**TASK DATA**
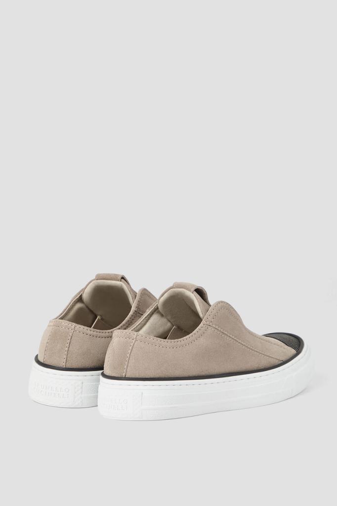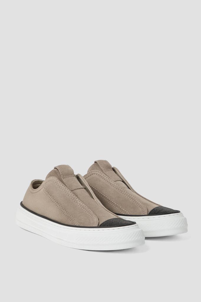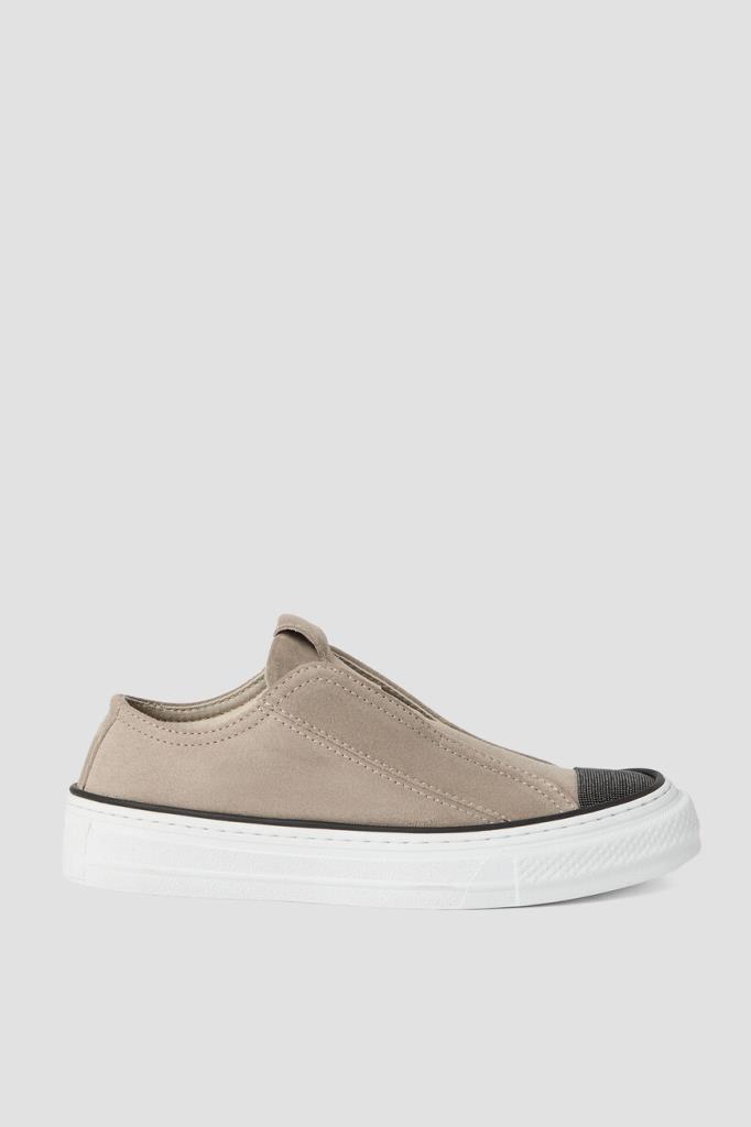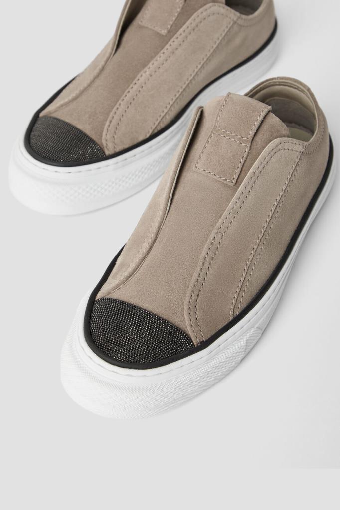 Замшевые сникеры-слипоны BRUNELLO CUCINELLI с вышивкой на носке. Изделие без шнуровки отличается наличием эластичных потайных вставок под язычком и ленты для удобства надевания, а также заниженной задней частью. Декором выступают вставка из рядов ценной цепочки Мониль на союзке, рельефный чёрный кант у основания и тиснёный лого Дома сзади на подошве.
...
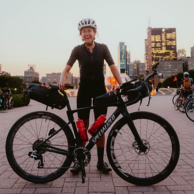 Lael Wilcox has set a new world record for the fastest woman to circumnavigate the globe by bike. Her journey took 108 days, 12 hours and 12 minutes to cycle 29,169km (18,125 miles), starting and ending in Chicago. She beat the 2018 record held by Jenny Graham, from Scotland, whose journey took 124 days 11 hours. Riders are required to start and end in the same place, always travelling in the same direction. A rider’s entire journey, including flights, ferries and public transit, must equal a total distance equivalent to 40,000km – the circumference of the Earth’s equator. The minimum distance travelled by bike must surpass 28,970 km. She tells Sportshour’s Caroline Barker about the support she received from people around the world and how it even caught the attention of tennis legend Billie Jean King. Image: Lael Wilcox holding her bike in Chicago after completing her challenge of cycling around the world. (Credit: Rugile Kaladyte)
* * *
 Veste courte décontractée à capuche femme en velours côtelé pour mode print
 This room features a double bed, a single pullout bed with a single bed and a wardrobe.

**WORK TO COMPLETE**
Retype the portion of the data above that starts on the line with "Veste courte décontractée" and finishes on the line with "This room features", including both of those lines.

**ANSWER BOX**
 Veste courte décontractée à capuche femme en velours côtelé pour mode print
 This room features a double bed, a single pullout bed with a single bed and a wardrobe.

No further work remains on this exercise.